What is required:
Beginning with the line that contains "ADRIENNE VITTADINI BLOUSE", retype the entries below exactly, ending with the line that contains "(1988~2007) 图6-1-46 文化部副部长赵少华(左五),省文化厅厅长杨建新". Leave out any pictures.

Data supplied:
────────────────────

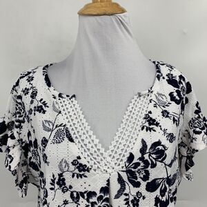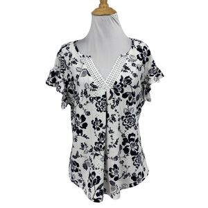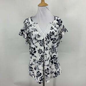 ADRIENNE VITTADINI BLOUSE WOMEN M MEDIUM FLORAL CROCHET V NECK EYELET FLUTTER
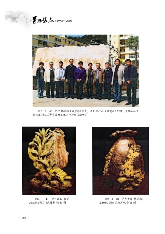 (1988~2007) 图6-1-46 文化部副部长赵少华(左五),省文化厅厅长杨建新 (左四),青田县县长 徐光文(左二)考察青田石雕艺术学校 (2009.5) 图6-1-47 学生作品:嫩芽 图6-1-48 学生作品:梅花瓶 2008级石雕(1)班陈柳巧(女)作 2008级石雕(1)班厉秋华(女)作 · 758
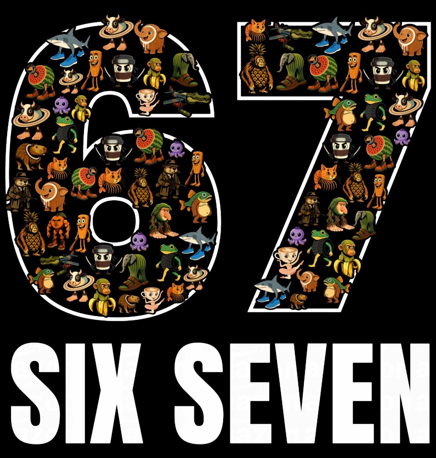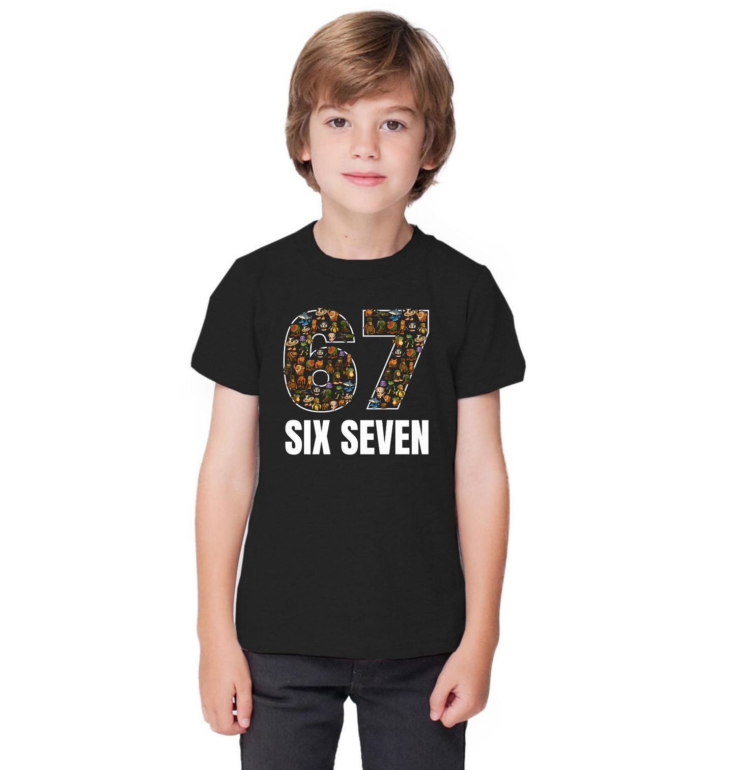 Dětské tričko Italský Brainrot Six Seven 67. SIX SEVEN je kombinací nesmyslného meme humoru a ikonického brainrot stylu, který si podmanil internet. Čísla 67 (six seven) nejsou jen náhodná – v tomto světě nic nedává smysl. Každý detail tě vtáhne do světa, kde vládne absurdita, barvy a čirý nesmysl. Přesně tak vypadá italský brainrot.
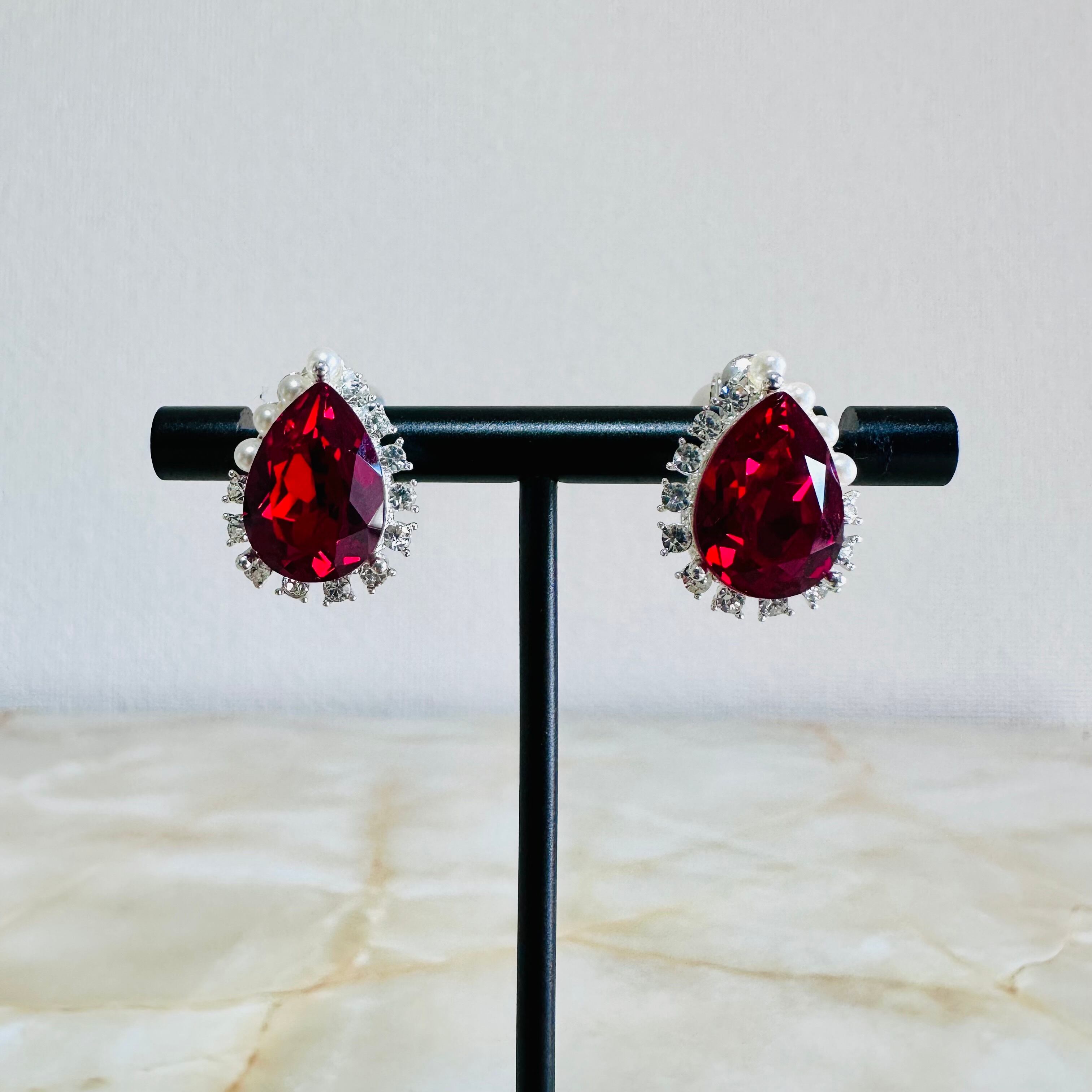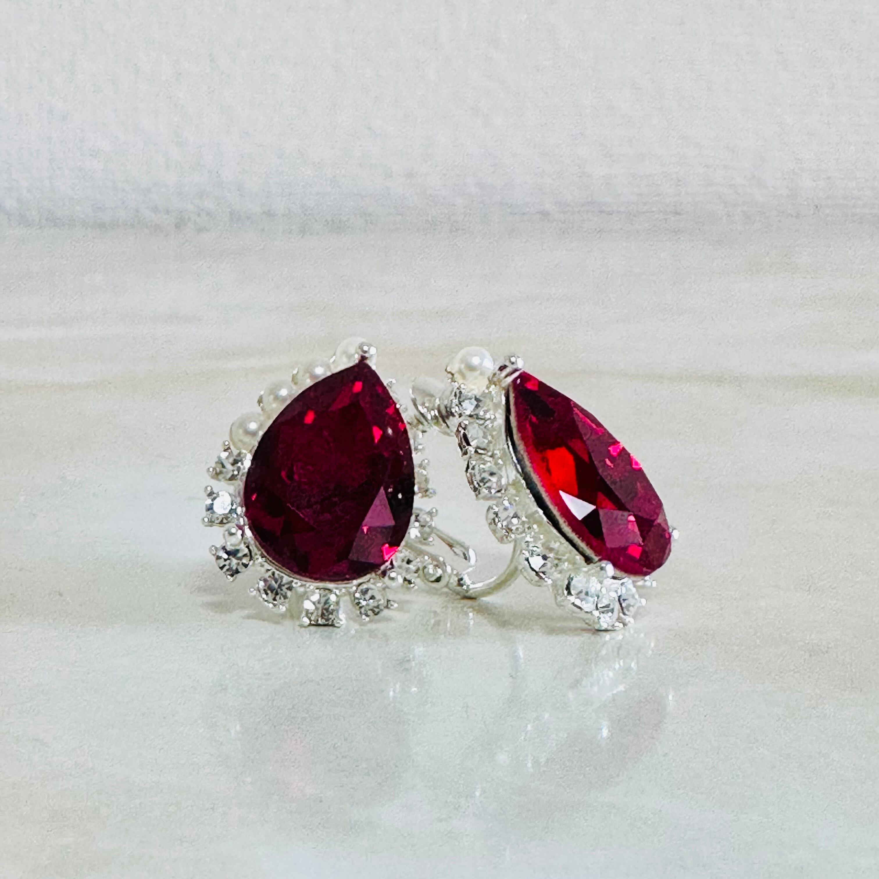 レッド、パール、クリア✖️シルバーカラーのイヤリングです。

────────────────────

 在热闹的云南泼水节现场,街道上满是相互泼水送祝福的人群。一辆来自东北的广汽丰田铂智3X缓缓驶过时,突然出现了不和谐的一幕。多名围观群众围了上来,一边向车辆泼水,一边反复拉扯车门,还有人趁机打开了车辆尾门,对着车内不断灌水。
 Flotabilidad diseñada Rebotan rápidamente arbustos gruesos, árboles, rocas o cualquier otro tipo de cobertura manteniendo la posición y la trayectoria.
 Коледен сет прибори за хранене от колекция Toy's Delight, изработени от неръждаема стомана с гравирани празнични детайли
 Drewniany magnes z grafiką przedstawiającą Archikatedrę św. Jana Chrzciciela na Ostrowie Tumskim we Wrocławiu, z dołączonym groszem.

────────────────────

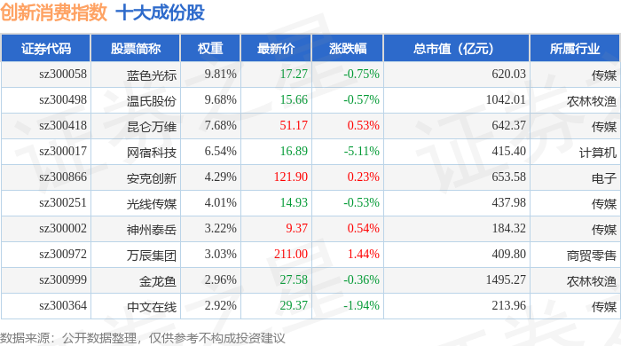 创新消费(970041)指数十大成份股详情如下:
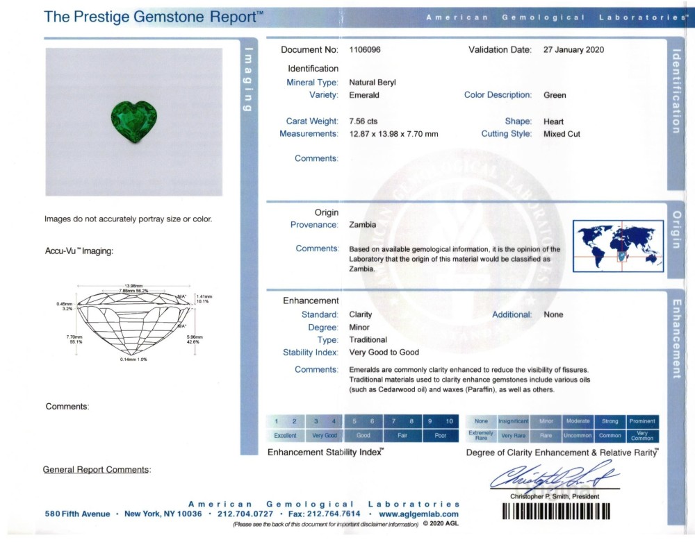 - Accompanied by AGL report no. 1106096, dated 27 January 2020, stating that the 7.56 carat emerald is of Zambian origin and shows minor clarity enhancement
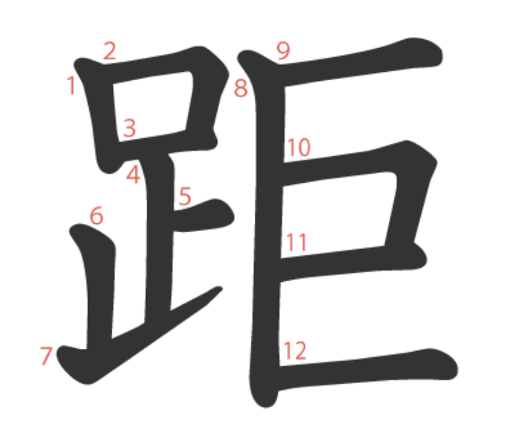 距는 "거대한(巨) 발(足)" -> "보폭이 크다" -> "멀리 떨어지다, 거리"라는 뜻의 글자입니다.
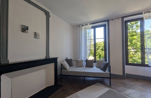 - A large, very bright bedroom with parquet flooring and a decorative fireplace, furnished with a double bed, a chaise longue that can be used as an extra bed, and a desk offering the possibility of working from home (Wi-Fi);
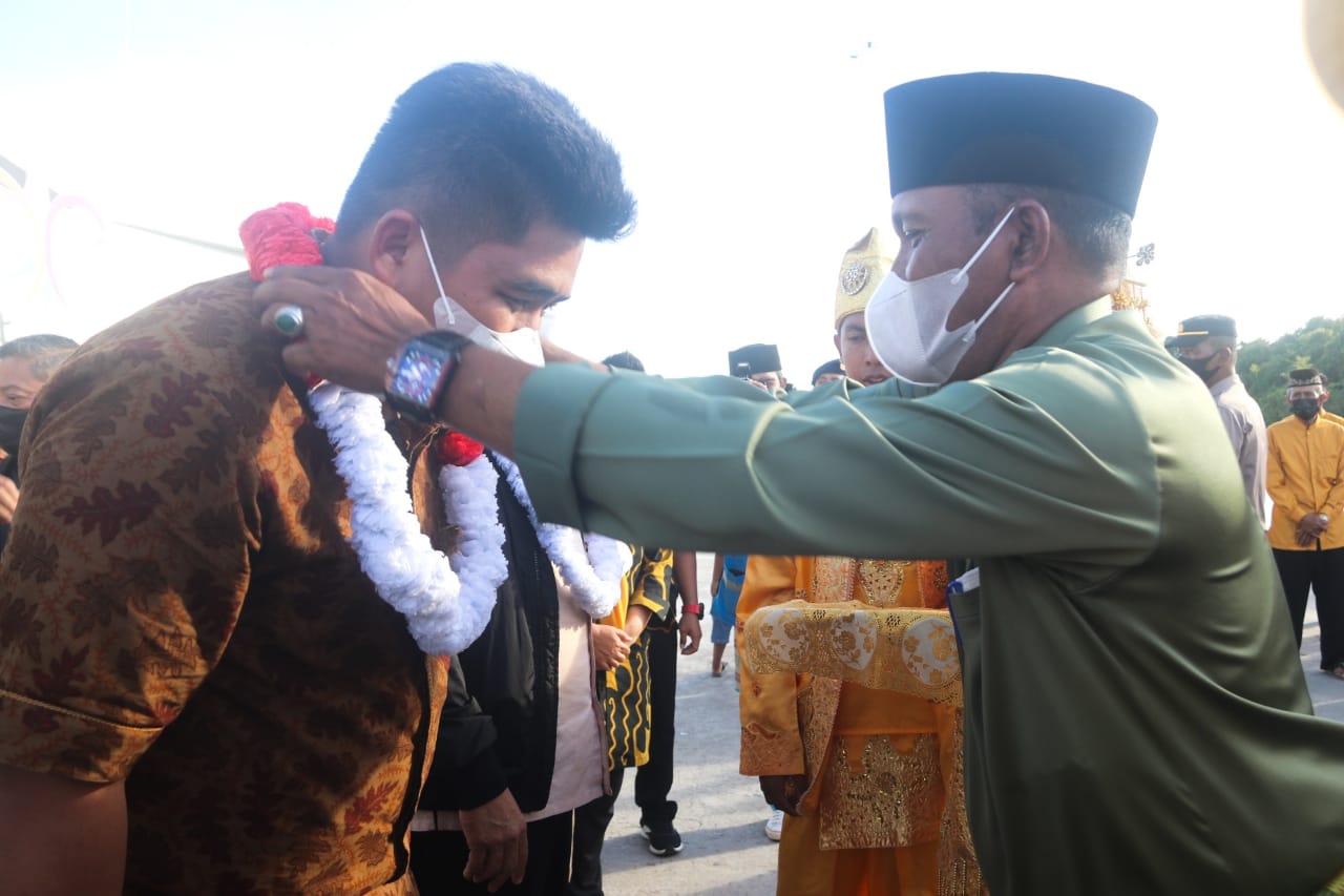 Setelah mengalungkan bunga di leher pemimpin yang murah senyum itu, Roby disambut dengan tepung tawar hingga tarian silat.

────────────────────

Result for this exercise:
 ADRIENNE VITTADINI BLOUSE WOMEN M MEDIUM FLORAL CROCHET V NECK EYELET FLUTTER
 (1988~2007) 图6-1-46 文化部副部长赵少华(左五),省文化厅厅长杨建新 (左四),青田县县长 徐光文(左二)考察青田石雕艺术学校 (2009.5) 图6-1-47 学生作品:嫩芽 图6-1-48 学生作品:梅花瓶 2008级石雕(1)班陈柳巧(女)作 2008级石雕(1)班厉秋华(女)作 · 758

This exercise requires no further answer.